— PROBLEM TO WORK ON —
Make an exact copy, from the records below, of the lines from the line containing "Beta 9559/30MT Egyoldalon" to the line containing "Suspension lamp in", both lines included, excluding pictures.

— EXTRACTED DATA —

-------------------------

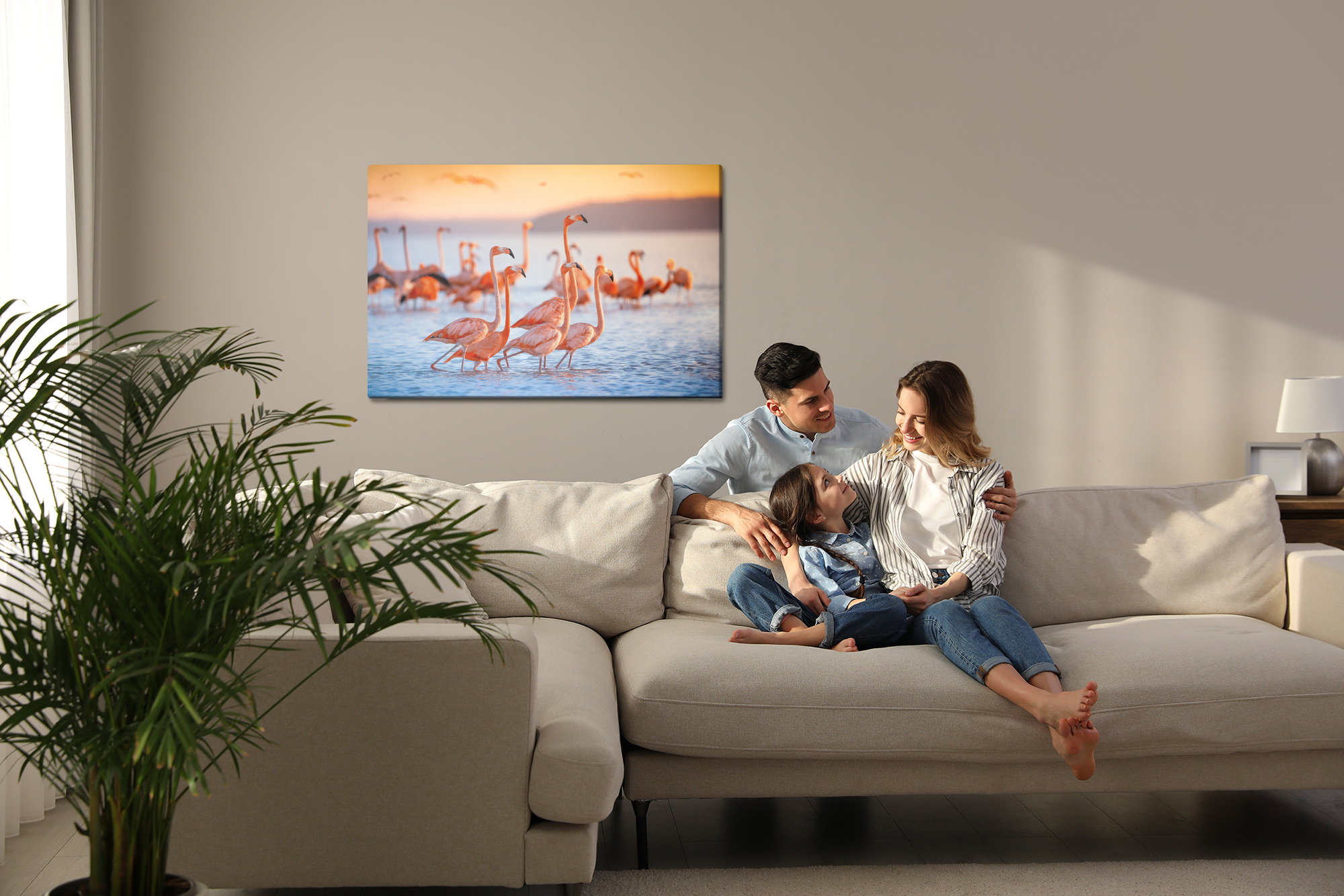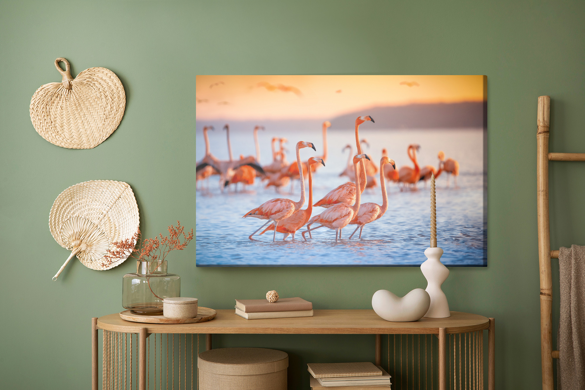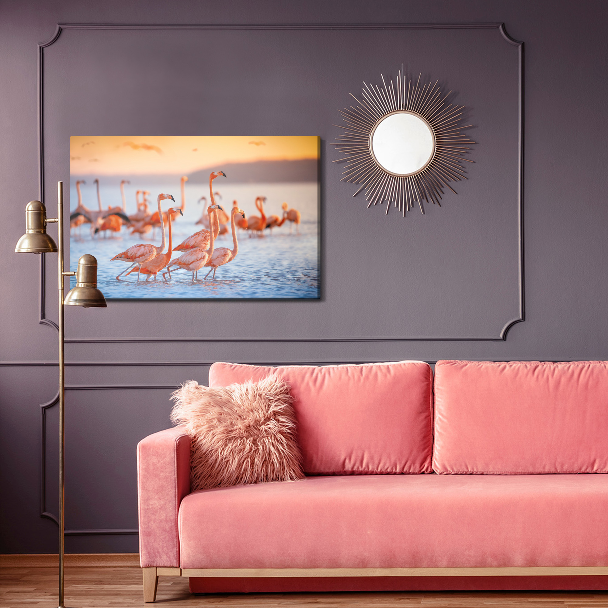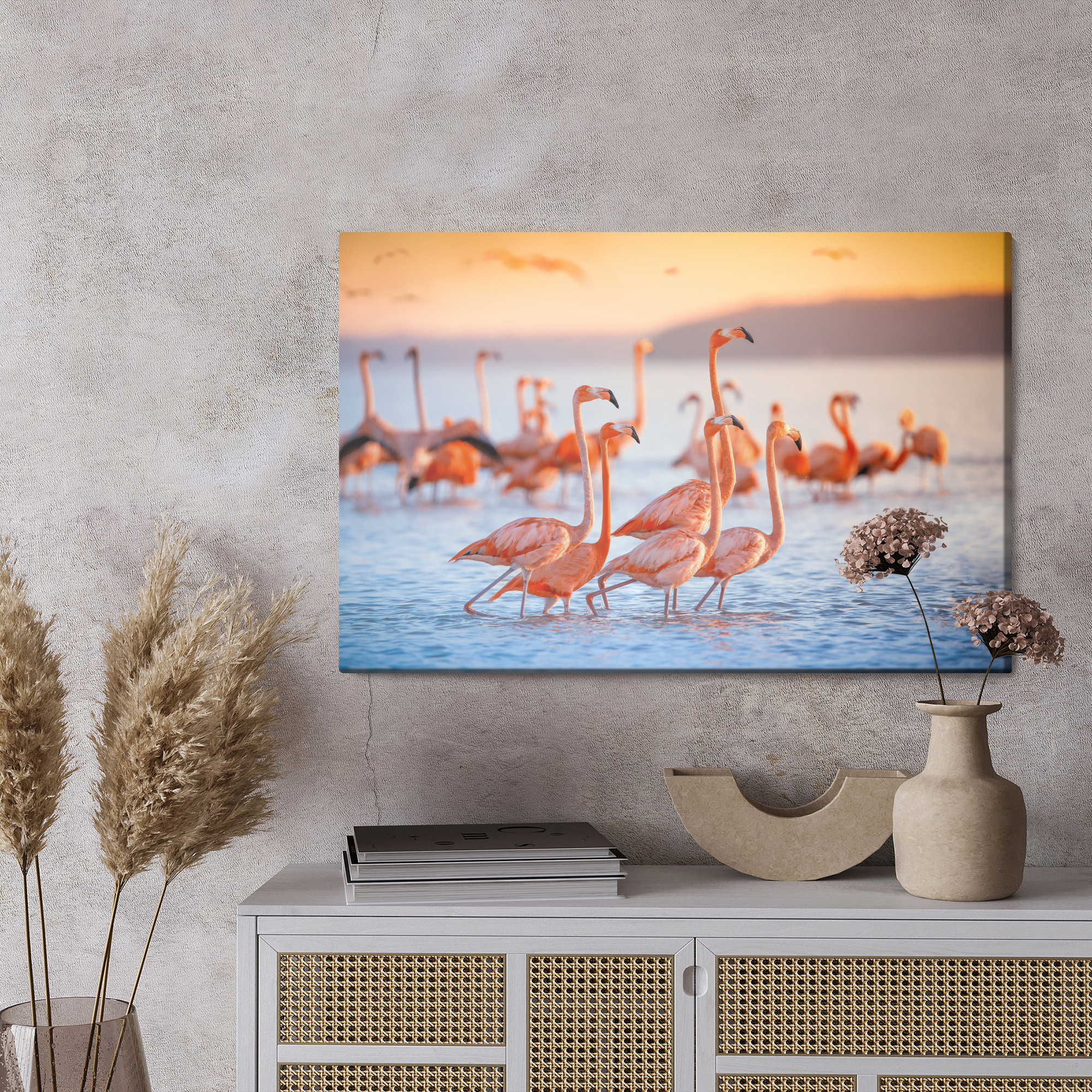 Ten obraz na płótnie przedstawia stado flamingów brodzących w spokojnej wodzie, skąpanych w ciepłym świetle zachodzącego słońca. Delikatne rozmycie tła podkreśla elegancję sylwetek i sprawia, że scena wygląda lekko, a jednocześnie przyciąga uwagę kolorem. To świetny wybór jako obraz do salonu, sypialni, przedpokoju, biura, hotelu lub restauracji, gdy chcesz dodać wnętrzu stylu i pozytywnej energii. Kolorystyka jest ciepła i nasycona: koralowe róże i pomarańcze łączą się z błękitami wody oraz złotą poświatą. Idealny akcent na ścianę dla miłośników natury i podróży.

-------------------------

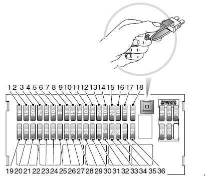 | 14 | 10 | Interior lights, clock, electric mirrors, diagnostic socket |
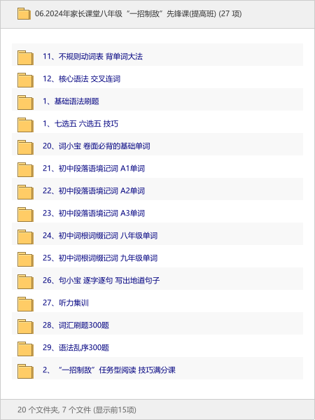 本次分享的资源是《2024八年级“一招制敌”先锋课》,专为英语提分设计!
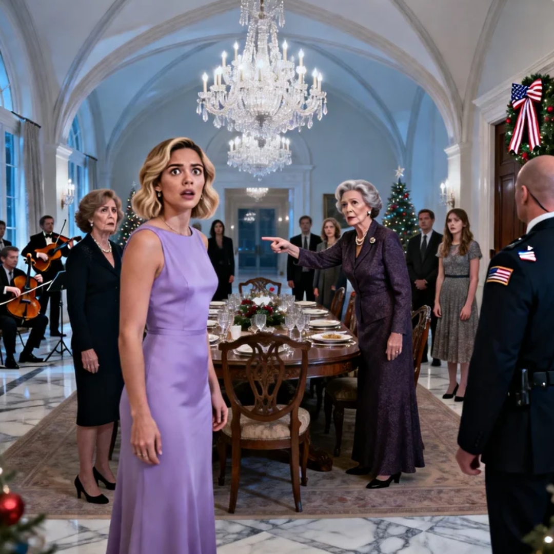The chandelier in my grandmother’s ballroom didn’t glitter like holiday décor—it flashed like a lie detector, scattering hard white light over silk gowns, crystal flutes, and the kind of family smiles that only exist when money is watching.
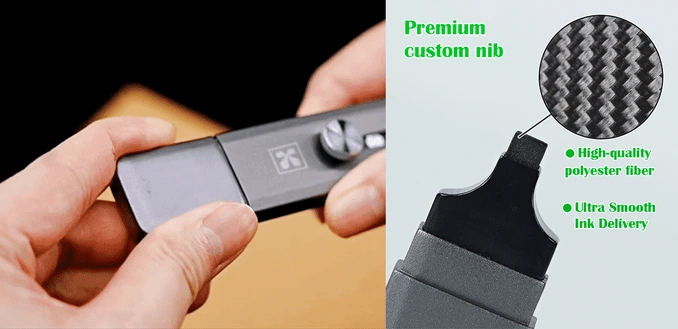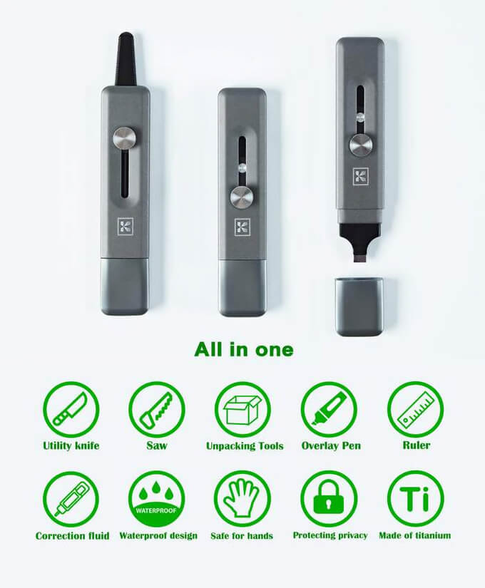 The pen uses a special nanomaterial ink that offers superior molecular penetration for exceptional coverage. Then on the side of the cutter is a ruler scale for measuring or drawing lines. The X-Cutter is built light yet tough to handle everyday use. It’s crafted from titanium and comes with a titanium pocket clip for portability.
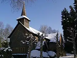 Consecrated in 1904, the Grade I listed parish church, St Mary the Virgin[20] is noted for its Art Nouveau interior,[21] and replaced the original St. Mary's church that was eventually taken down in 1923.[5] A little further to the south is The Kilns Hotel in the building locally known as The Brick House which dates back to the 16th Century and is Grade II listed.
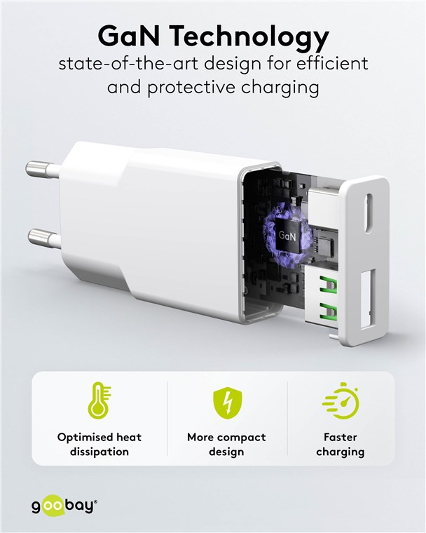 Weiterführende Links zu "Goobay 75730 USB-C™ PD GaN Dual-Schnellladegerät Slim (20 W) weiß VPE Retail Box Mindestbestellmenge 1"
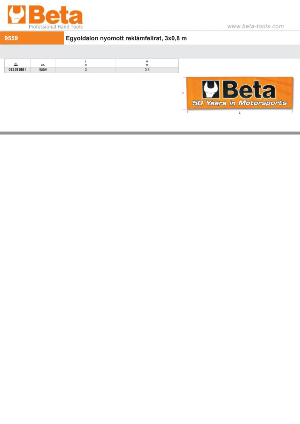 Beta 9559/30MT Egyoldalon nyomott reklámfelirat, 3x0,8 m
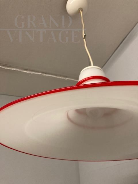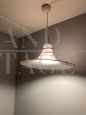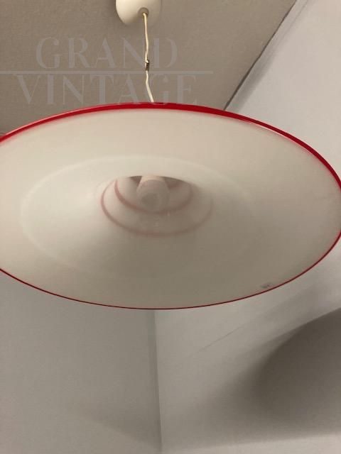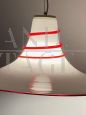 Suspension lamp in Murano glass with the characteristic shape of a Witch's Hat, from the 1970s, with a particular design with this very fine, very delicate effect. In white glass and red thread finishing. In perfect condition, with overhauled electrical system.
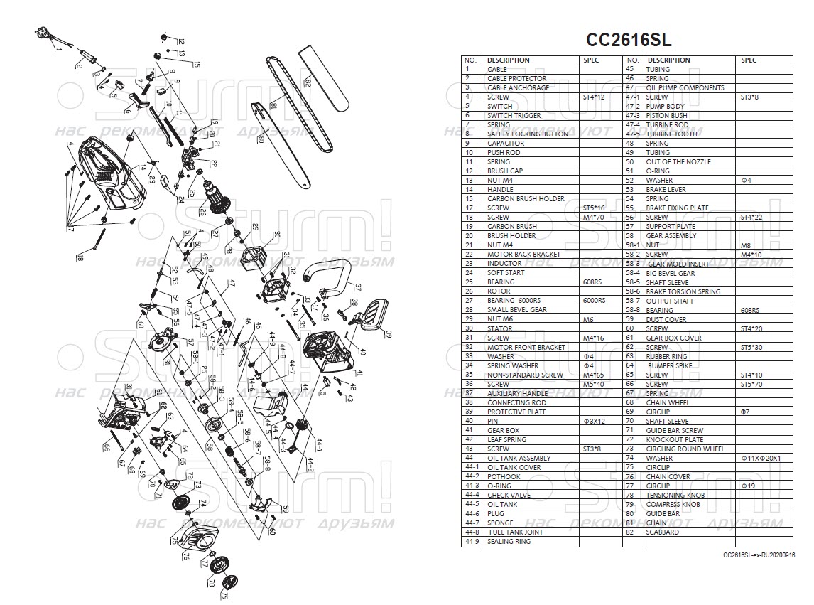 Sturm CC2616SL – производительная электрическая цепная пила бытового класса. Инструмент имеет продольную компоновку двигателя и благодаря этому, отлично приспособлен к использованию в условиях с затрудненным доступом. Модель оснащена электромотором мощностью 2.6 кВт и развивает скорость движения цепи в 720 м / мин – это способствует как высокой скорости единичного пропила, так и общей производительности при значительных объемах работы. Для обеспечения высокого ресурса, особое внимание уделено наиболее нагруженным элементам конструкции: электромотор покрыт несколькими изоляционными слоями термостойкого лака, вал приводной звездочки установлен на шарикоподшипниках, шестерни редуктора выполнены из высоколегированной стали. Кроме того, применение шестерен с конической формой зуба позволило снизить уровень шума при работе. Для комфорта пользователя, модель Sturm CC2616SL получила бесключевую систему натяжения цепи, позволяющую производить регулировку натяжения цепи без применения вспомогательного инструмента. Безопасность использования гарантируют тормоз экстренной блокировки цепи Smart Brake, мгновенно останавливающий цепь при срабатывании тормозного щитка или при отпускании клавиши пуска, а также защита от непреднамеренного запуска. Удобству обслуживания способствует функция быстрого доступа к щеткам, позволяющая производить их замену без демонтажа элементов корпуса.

-------------------------

— PROBLEM SOLUTION —
 Beta 9559/30MT Egyoldalon nyomott reklámfelirat, 3x0,8 m
 Suspension lamp in Murano glass with the characteristic shape of a Witch's Hat, from the 1970s, with a particular design with this very fine, very delicate effect. In white glass and red thread finishing. In perfect condition, with overhauled electrical system.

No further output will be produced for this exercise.